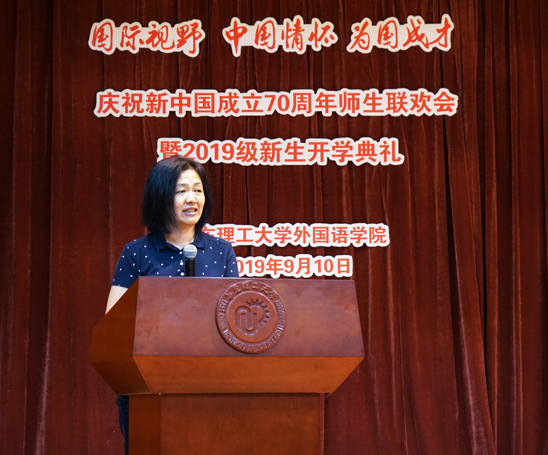 典礼上,王喆代表学院致辞,表达了对新同学们的欢迎,对老师们教师节的祝贺和对新中国成立70周年的祝福。她希望同学们通过努力学习,成为具有国际视野、拥有中国情怀、敢于创新创造、担负起强国重任的中国文化的传播者。
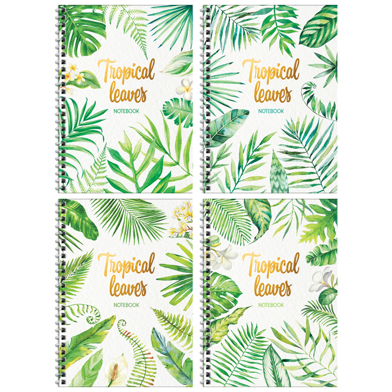Тетрадь 96л., А5, клетка на гребне ArtSpace "Стиль. Tropical leaves", гляцевая ламинация, твердая обложка, тиснение фольгой
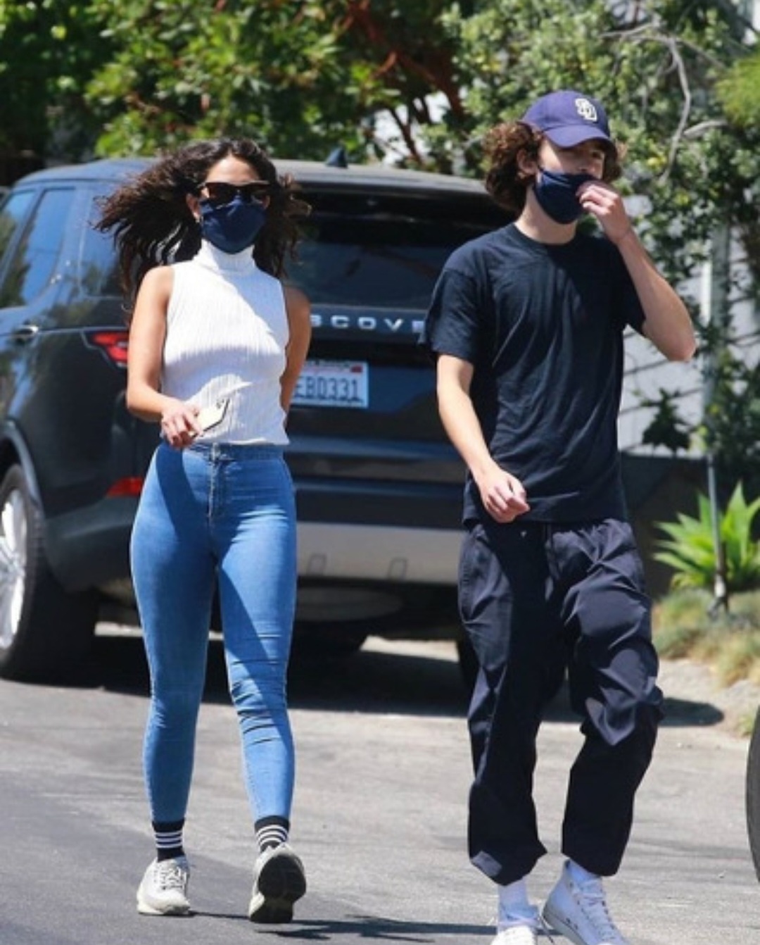 티모시 샬라메는 야구 모자와 검은색 마스크를 쓰고 카일리 제너의 SUV 뒷좌석에서 함께 타코를 먹으며 눈에 띄지 않으려고 하는 모습이었습니다.
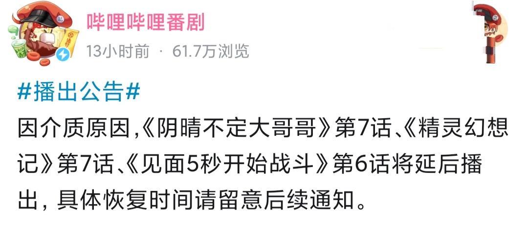 在8月16日官方就提前发布过声明,表示《精灵幻想记》第七话,《阴晴不定大哥哥》第七话以及《见面5秒开始战斗》第六话这三部作品同样因为“介质原因”宣布延播。
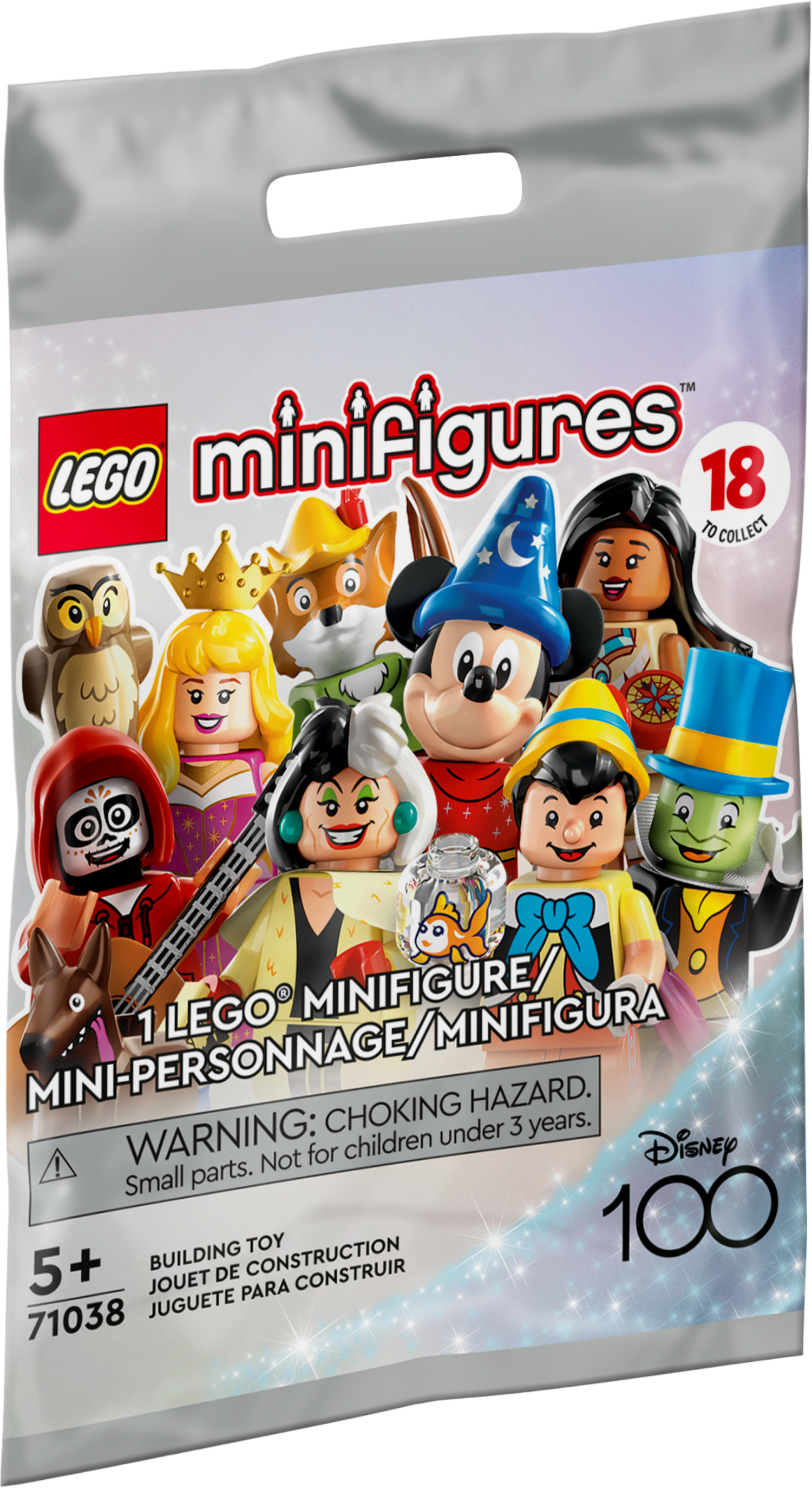 Kids aged 5+ can recreate their favorite film moments with these LEGO® Minifigures Disney 100 (71038) blind bags. New for May 2023, these popular and iconic animated characters from the past century can be collected, proudly displayed or used for exciting imaginative play.
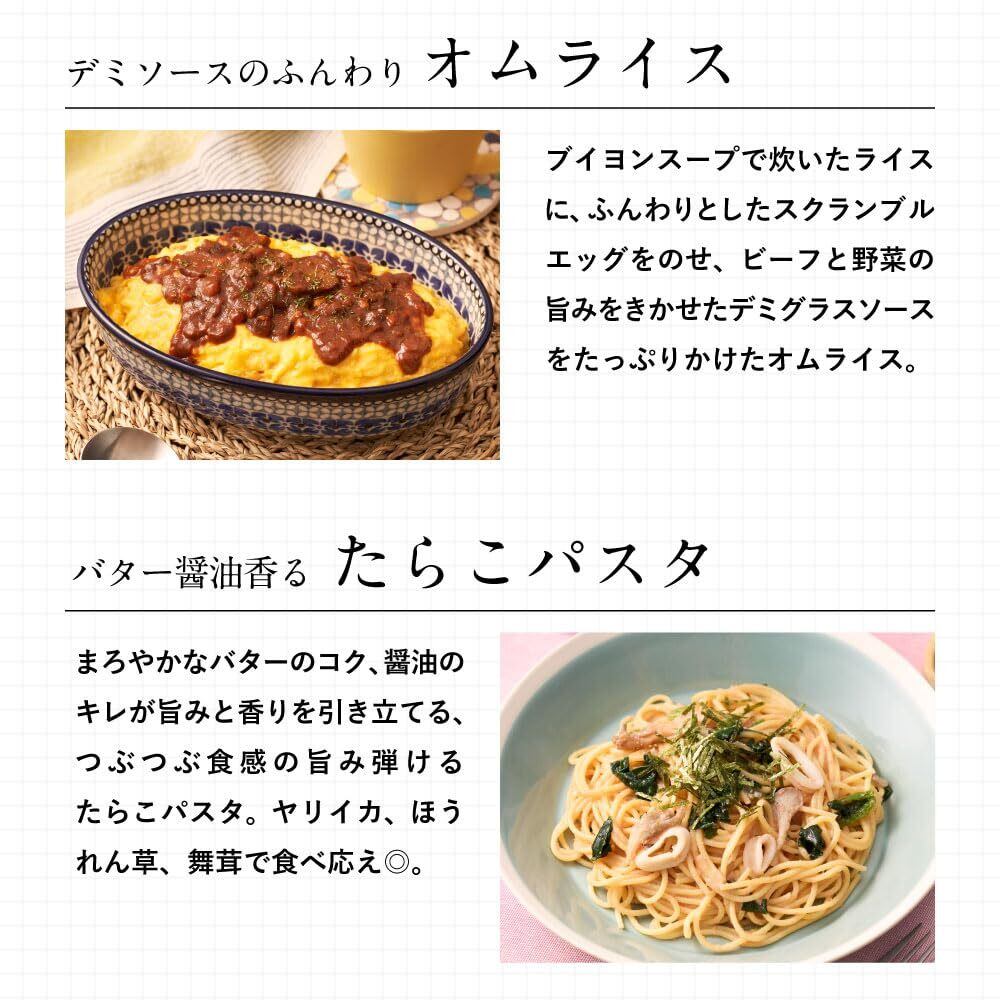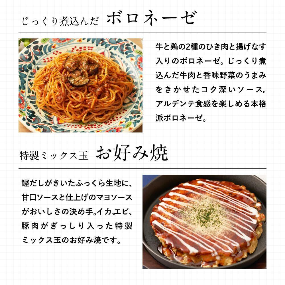 冷凍完全メシ人気のメニュー「かつ丼」「たらこパスタ」「ボロネーゼ」「デミオムライス」「お好み焼 特製ミックス玉」の5種類のメニューを1食ずつ 計5食お届け!
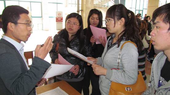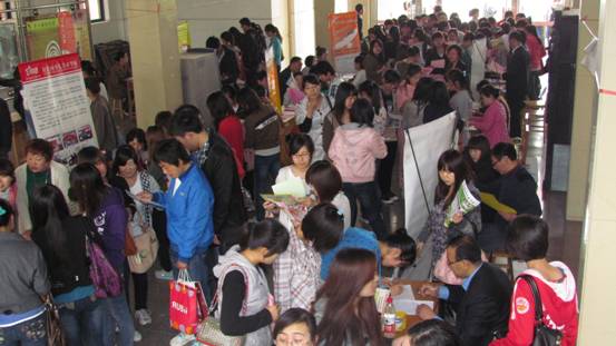 为进一步搭建用人单位与我校毕业生供需交流平台,拓宽毕业生就业渠道,4月21日上午,由招生就业处主办、数理科学系承办的2012年招聘会在2号教学楼一楼大厅成功举办。本次招聘会吸引了来自省内35家机构和教育单位赴会,提供就业岗位500余个,我校毕业生、部分院系党总支副书记、招生就业处老师参加。
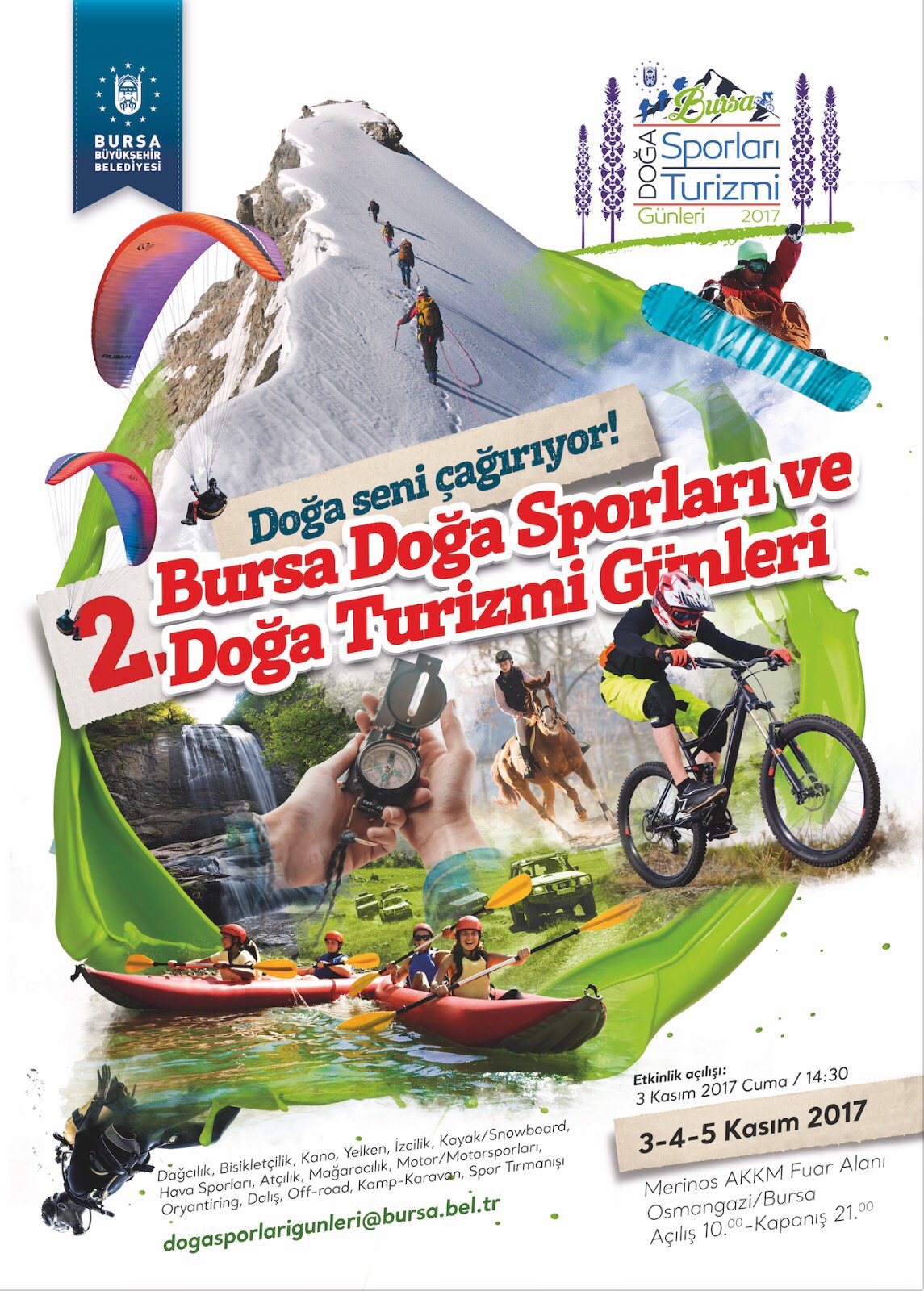 - BURSA BÜYÜKŞEHİR BELEDİYESİ TARAFINDAN KENTİN SAHİP OLDUĞU DOĞAL ZENGİNLİKLERİ VE YAPILABİLECEK DOĞA SPORLARINI TANITMAK AMACIYLA 03-04-05 KASIM 2017 TARİHLERİNDE 2.BURSA DOĞA SPORLARI VE DOĞA TURİZMİ GÜNLERİ DÜZENLENİYOR.
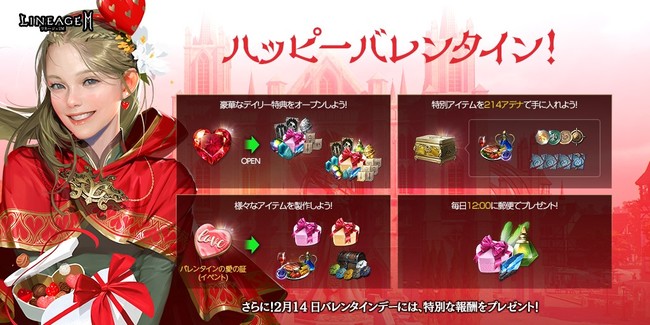 期間中、ゲーム内の「ショップ」にてアカウントにつき1日1回、214アデナを使用することで交換可能な「バレンタイン サプライズ箱(イベント)」が登場します。
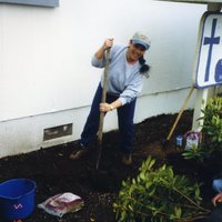 Washington County Community Action Energy and Emergency Services Coordinator Chavela Mendoza planting rhododendrons in front of the Cornelius United Methodist Church with Even Start participants. Even Start is a federally funded program that provides family literacy training. This is from the records of the Washington County Community Action Organization, an anti poverty nonprofit.
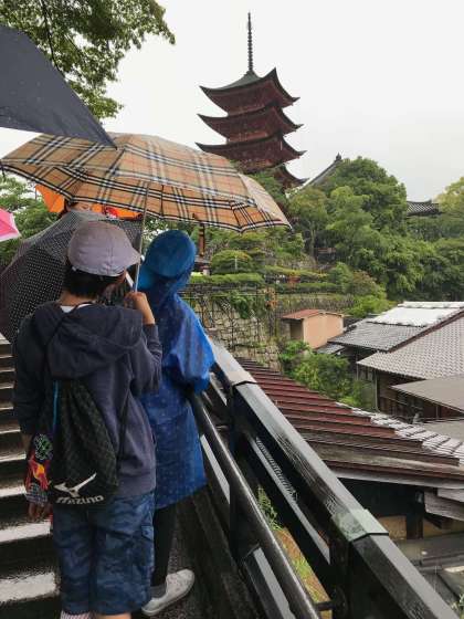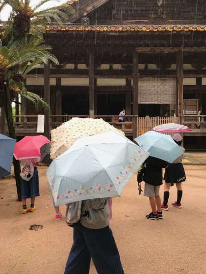 小雨が降る中、見学に出発。まずは、五重塔の見学です。雨中、ガイドさんから説明を聞く子どもたち。千畳閣下の回廊を行き、厳島神社を目指します。

▶ DIRECTIONS
Look back over the records above. Reproduce exactly everything from the line with "为进一步搭建用人单位与我校毕" down to the line with "期間中、ゲーム内の「ショップ", inclusive, and leave the pictures out.

▶ RESULT OF THE TASK
 为进一步搭建用人单位与我校毕业生供需交流平台,拓宽毕业生就业渠道,4月21日上午,由招生就业处主办、数理科学系承办的2012年招聘会在2号教学楼一楼大厅成功举办。本次招聘会吸引了来自省内35家机构和教育单位赴会,提供就业岗位500余个,我校毕业生、部分院系党总支副书记、招生就业处老师参加。
 - BURSA BÜYÜKŞEHİR BELEDİYESİ TARAFINDAN KENTİN SAHİP OLDUĞU DOĞAL ZENGİNLİKLERİ VE YAPILABİLECEK DOĞA SPORLARINI TANITMAK AMACIYLA 03-04-05 KASIM 2017 TARİHLERİNDE 2.BURSA DOĞA SPORLARI VE DOĞA TURİZMİ GÜNLERİ DÜZENLENİYOR.
 期間中、ゲーム内の「ショップ」にてアカウントにつき1日1回、214アデナを使用することで交換可能な「バレンタイン サプライズ箱(イベント)」が登場します。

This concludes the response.